┏━━
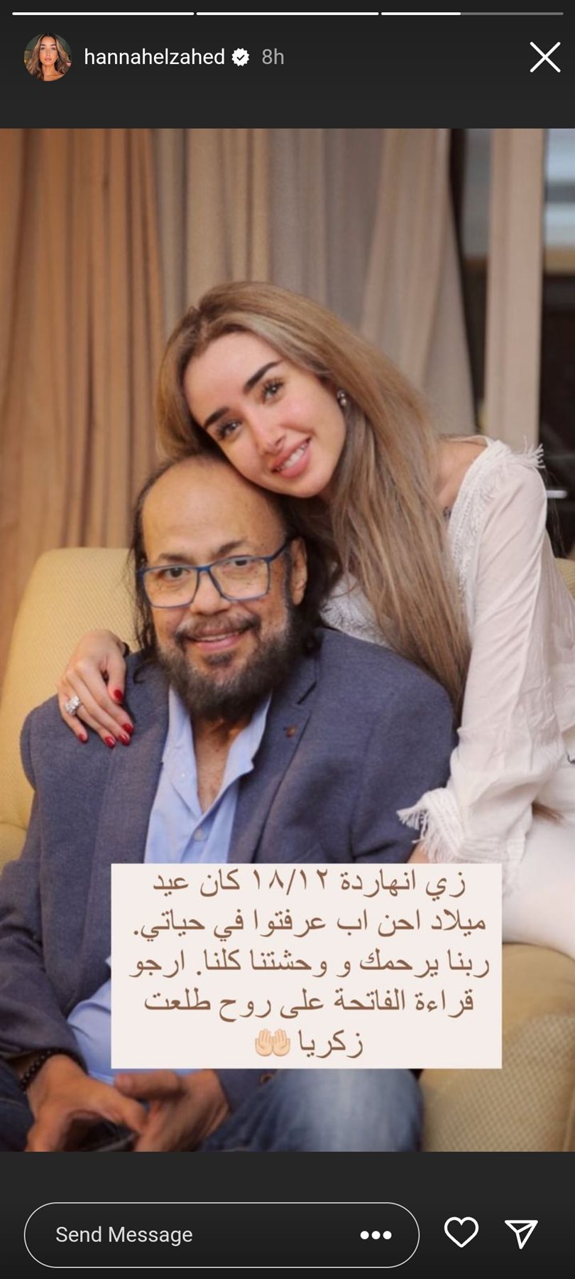 وقالت هنا الزاهد: " زى النهارده 18 /12 كان عيد ميلاد أحن أب عرفته في حياتي.. ربنا يرحمك ووحشتنا كلنا.. أرجو قراءة الفاتحة على روح طلعت زكريا".
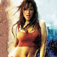 Фото привлекательной девушки в коротком топике под капельками дождя. Девушка на картинке - главная героиня известного американского комедийного фильма "Шаг вперед 2" - уличная танцовщица Энди. Скачать фото на аватар с девушкой из фильма.
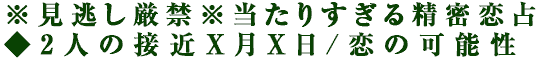 『大好きなあの人と1mmでも近付きたい』あなたがそう願っているのならこの占いは【必読】です。2人が次に接近する日と出来事を【精密的中】運命のX月X日を活用し、恋成就の可能性を高める方法までお教えします。
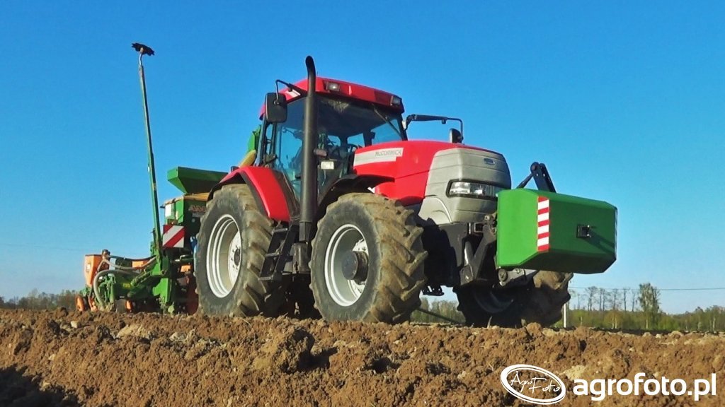 **McCormick MTX150** Na zdjęciu widzimy prawdziwego rolniczego konia pociągowego, który mimo upływu lat wciąż dzielnie stawia czoła najcięższym wyzwaniom – to McCormick MTX150! Ten egzemplarz, produkowany w latach około 2002-2007, to synonim niezawodności i solidnej inżynierii. Pod jego maską, z reguły, drzemie pancerne, sześciocylindrowe serce Perkinsa o mocy około 150 koni mechanicznych, które słynie z wytrzymałości i niskiego spalania, nie męcząc się nawet po wielu godzinach roboty w polu. Na prezentowanym ujęciu MTX150 w charakterystycznej czerwono-srebrnej barwie, wyposażony w masywny, zielony obciążnik na przednim TUZ-ie, pracuje w duecie z pneumatycznym siewnikiem Amazone, przygotowując pole pod przyszłe plony. Solidna konstrukcja, komfortowa kabina i brak zbędnych "plastików" to jego znaki rozpoznawcze. Dziś, za zadbany model MTX150, trzeba liczyć się z wydatkiem rzędu 90 000 do 140 000 zł, co potwierdza, że te maszyny doskonale trzymają cenę i cieszą się niesłabnącym zaufaniem wśród rolników szukających bezkompromisowej siły i trwałości.
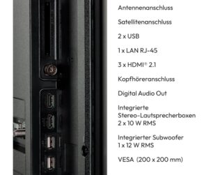 - Mehr als nur Fernsehen: Dank der Smart-TV-Funktion nutzt Du Streamingdienste, Spiele und Apps bequem vom Sofa aus. Vom aktuellen Wetter über Mediatheken bis hin zu News genießt Du die ganze Welt des Internets am großen TV-Bildschirm.
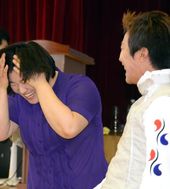 2013.07.27 15: 33밝은표정으로 파이팅 외치는 장미란 재단 멘토와 김한기 대표이사
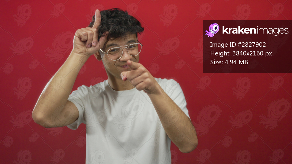 Man wearing glasses and white tshirt makes l sign with finger on forehead in red studio; playful teasing.
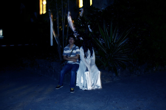 只好手拉着手往前走。准备去看3D电影区,还没走几步,前方黑暗处突然幽幽地走出一个白衣长发男鬼,缓缓朝我们走来,一声声惊恐的尖叫立马响起,姐几个四散跑开,还没站稳,又一个清宫女鬼,挥着血色厉爪……妈啊,真的好恐怖啊
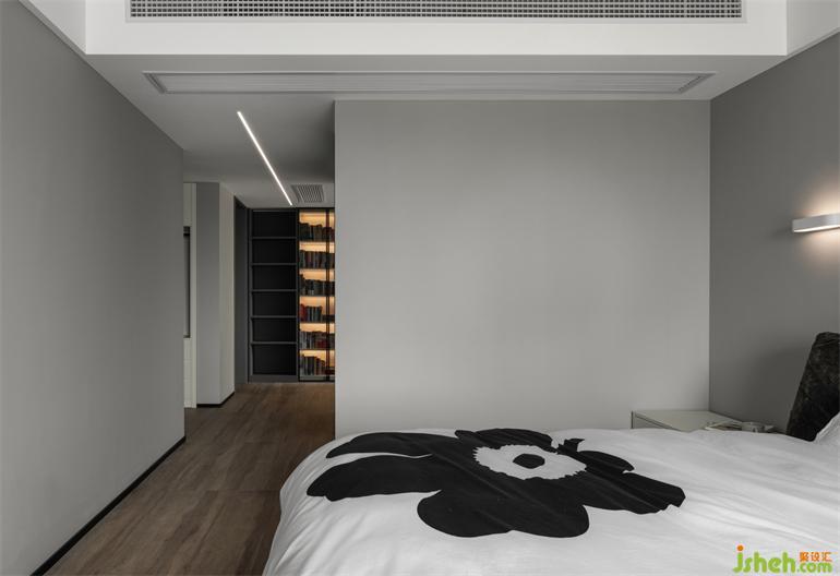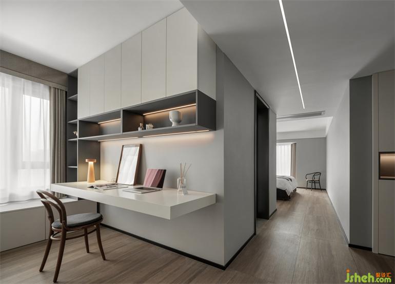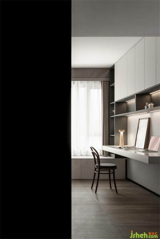 阅读区设计在主卧套房的北端,悬浮书桌与飘窗错落安放。妻子温柔盘腿窗边手捧文学书,拉开窗帘就可欣赏窗外美景,先生打开电脑正襟危坐规划事业蓝图。艺术住宅设计这便是简单生活的美好画面。
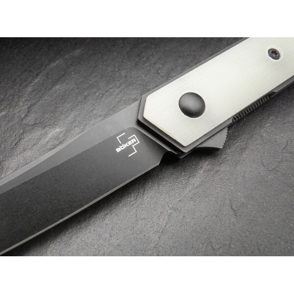 Тънкият дизайн и изключителният избор на материали превръщат Boker Plus Kwaiken Air в елегантно съчетание между сгъваем и тактически нож. За да направи този преход още по-лесен, Kwaiken Air Mini предлага същите изключителни качества като големия си брат със значително намалени и по този начин по-удобни за джоба размери. С праволинейна и практична форма модерният джобен нож се е превърнал в истинска икона. Изчистените линии и тънкият дизайн са допълнително оптимизирани за безкомпромисно намаляване на теглото в олекотената версия, въпреки че ножът все още притежава цялото острие в затворено положение. Флиперът осигурява интуитивна работа и допълнителна безопасност, а лайнерлокът сигурно заключва острието със сачмени лагери, изработено от VG-10 с впечатляващ сатениран финиш. Лекотата на ножчето е подчертана от дръжката, изработена от Natural Jade G10 - полупрозрачен оригинален вариант на устойчивия композитен материал.. Доставя се с отвор за каишка, подвижен клипс и висококачествен найлонов калъф за съхранение.
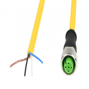 Precio no incluye IVAMURRELEKTRONIK CONNECTION CABLE, M12 AXIAL FEMALE A-CODED TO PIGTAIL, 4-POLE, 250 VAC/VDC, 4A, 22 AWG, TPE JACKET, YELLOW, UNSHIELDED, 9.8FT/3M CABLE LENGTH, IP65 IP66K IP67, SENSOR & SIGNAL.
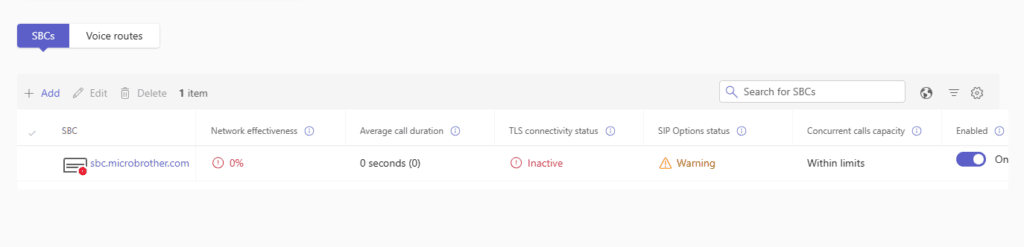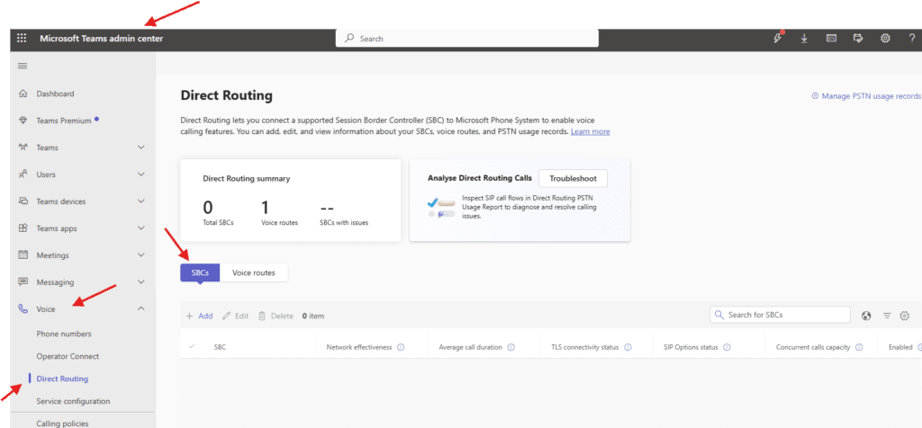 Navigate to Voice –> Direct routing –> SBC
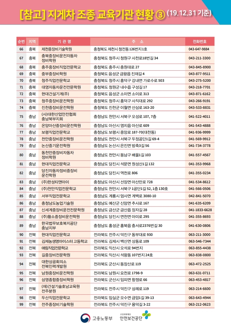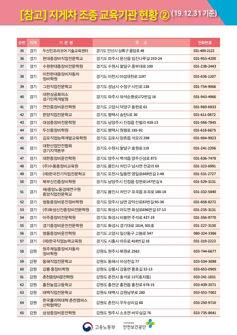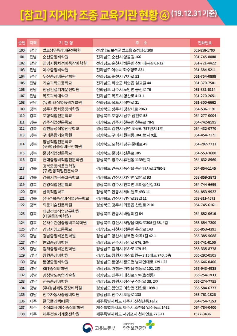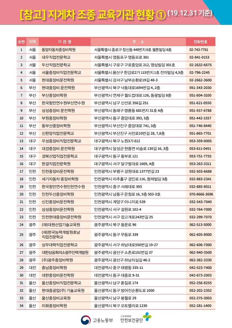 사업장의 종류도 많고 많은 교육생이 포함되다 보니 전국적으로 138개의 지게차 조종 교육기관 현황을 정해 놓았는데, 아래와 같습니다.
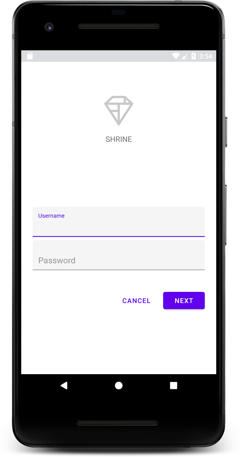 Usando marcação XML básica e cerca de 30 linhas de Kotlin, a biblioteca de componentes do Material Design para Android ajudou você a criar uma página de login bonita que segue as diretrizes do Material Design e também tem aparência e comportamento consistentes em todos os dispositivos.
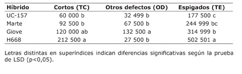 Similar tendencia se observó en la cosecha 2011 con los genotipos italianos, según Risso et al. (2012), quien indicó que Giove logró una productividad de 9062 (a) kg/ha, H-668 de 6187 kg/ha (ab) y Marte de 3625 (b). Diferente comportamiento mostró el híbrido UC-157, ya que en dicho año (correspondiente a la cuarta temporada de evaluación) tuvo un rendimiento de 8437 (a) kg/ha, lo que estaría mostrando que el híbrido UC-157 se encuentra en la etapa de productividad decreciente.
┗━━
** WORK INSTRUCTIONS **
Retype each record exactly as it appears above and drop the images.

** SOLUTION TO THIS TASK **
 وقالت هنا الزاهد: " زى النهارده 18 /12 كان عيد ميلاد أحن أب عرفته في حياتي.. ربنا يرحمك ووحشتنا كلنا.. أرجو قراءة الفاتحة على روح طلعت زكريا".
 Фото привлекательной девушки в коротком топике под капельками дождя. Девушка на картинке - главная героиня известного американского комедийного фильма "Шаг вперед 2" - уличная танцовщица Энди. Скачать фото на аватар с девушкой из фильма.
 『大好きなあの人と1mmでも近付きたい』あなたがそう願っているのならこの占いは【必読】です。2人が次に接近する日と出来事を【精密的中】運命のX月X日を活用し、恋成就の可能性を高める方法までお教えします。
 **McCormick MTX150** Na zdjęciu widzimy prawdziwego rolniczego konia pociągowego, który mimo upływu lat wciąż dzielnie stawia czoła najcięższym wyzwaniom – to McCormick MTX150! Ten egzemplarz, produkowany w latach około 2002-2007, to synonim niezawodności i solidnej inżynierii. Pod jego maską, z reguły, drzemie pancerne, sześciocylindrowe serce Perkinsa o mocy około 150 koni mechanicznych, które słynie z wytrzymałości i niskiego spalania, nie męcząc się nawet po wielu godzinach roboty w polu. Na prezentowanym ujęciu MTX150 w charakterystycznej czerwono-srebrnej barwie, wyposażony w masywny, zielony obciążnik na przednim TUZ-ie, pracuje w duecie z pneumatycznym siewnikiem Amazone, przygotowując pole pod przyszłe plony. Solidna konstrukcja, komfortowa kabina i brak zbędnych "plastików" to jego znaki rozpoznawcze. Dziś, za zadbany model MTX150, trzeba liczyć się z wydatkiem rzędu 90 000 do 140 000 zł, co potwierdza, że te maszyny doskonale trzymają cenę i cieszą się niesłabnącym zaufaniem wśród rolników szukających bezkompromisowej siły i trwałości.
 - Mehr als nur Fernsehen: Dank der Smart-TV-Funktion nutzt Du Streamingdienste, Spiele und Apps bequem vom Sofa aus. Vom aktuellen Wetter über Mediatheken bis hin zu News genießt Du die ganze Welt des Internets am großen TV-Bildschirm.
 2013.07.27 15: 33밝은표정으로 파이팅 외치는 장미란 재단 멘토와 김한기 대표이사
 Man wearing glasses and white tshirt makes l sign with finger on forehead in red studio; playful teasing.
 只好手拉着手往前走。准备去看3D电影区,还没走几步,前方黑暗处突然幽幽地走出一个白衣长发男鬼,缓缓朝我们走来,一声声惊恐的尖叫立马响起,姐几个四散跑开,还没站稳,又一个清宫女鬼,挥着血色厉爪……妈啊,真的好恐怖啊
 阅读区设计在主卧套房的北端,悬浮书桌与飘窗错落安放。妻子温柔盘腿窗边手捧文学书,拉开窗帘就可欣赏窗外美景,先生打开电脑正襟危坐规划事业蓝图。艺术住宅设计这便是简单生活的美好画面。
 Тънкият дизайн и изключителният избор на материали превръщат Boker Plus Kwaiken Air в елегантно съчетание между сгъваем и тактически нож. За да направи този преход още по-лесен, Kwaiken Air Mini предлага същите изключителни качества като големия си брат със значително намалени и по този начин по-удобни за джоба размери. С праволинейна и практична форма модерният джобен нож се е превърнал в истинска икона. Изчистените линии и тънкият дизайн са допълнително оптимизирани за безкомпромисно намаляване на теглото в олекотената версия, въпреки че ножът все още притежава цялото острие в затворено положение. Флиперът осигурява интуитивна работа и допълнителна безопасност, а лайнерлокът сигурно заключва острието със сачмени лагери, изработено от VG-10 с впечатляващ сатениран финиш. Лекотата на ножчето е подчертана от дръжката, изработена от Natural Jade G10 - полупрозрачен оригинален вариант на устойчивия композитен материал.. Доставя се с отвор за каишка, подвижен клипс и висококачествен найлонов калъф за съхранение.
 Precio no incluye IVAMURRELEKTRONIK CONNECTION CABLE, M12 AXIAL FEMALE A-CODED TO PIGTAIL, 4-POLE, 250 VAC/VDC, 4A, 22 AWG, TPE JACKET, YELLOW, UNSHIELDED, 9.8FT/3M CABLE LENGTH, IP65 IP66K IP67, SENSOR & SIGNAL.
 Navigate to Voice –> Direct routing –> SBC
 사업장의 종류도 많고 많은 교육생이 포함되다 보니 전국적으로 138개의 지게차 조종 교육기관 현황을 정해 놓았는데, 아래와 같습니다.
 Usando marcação XML básica e cerca de 30 linhas de Kotlin, a biblioteca de componentes do Material Design para Android ajudou você a criar uma página de login bonita que segue as diretrizes do Material Design e também tem aparência e comportamento consistentes em todos os dispositivos.
 Similar tendencia se observó en la cosecha 2011 con los genotipos italianos, según Risso et al. (2012), quien indicó que Giove logró una productividad de 9062 (a) kg/ha, H-668 de 6187 kg/ha (ab) y Marte de 3625 (b). Diferente comportamiento mostró el híbrido UC-157, ya que en dicho año (correspondiente a la cuarta temporada de evaluación) tuvo un rendimiento de 8437 (a) kg/ha, lo que estaría mostrando que el híbrido UC-157 se encuentra en la etapa de productividad decreciente.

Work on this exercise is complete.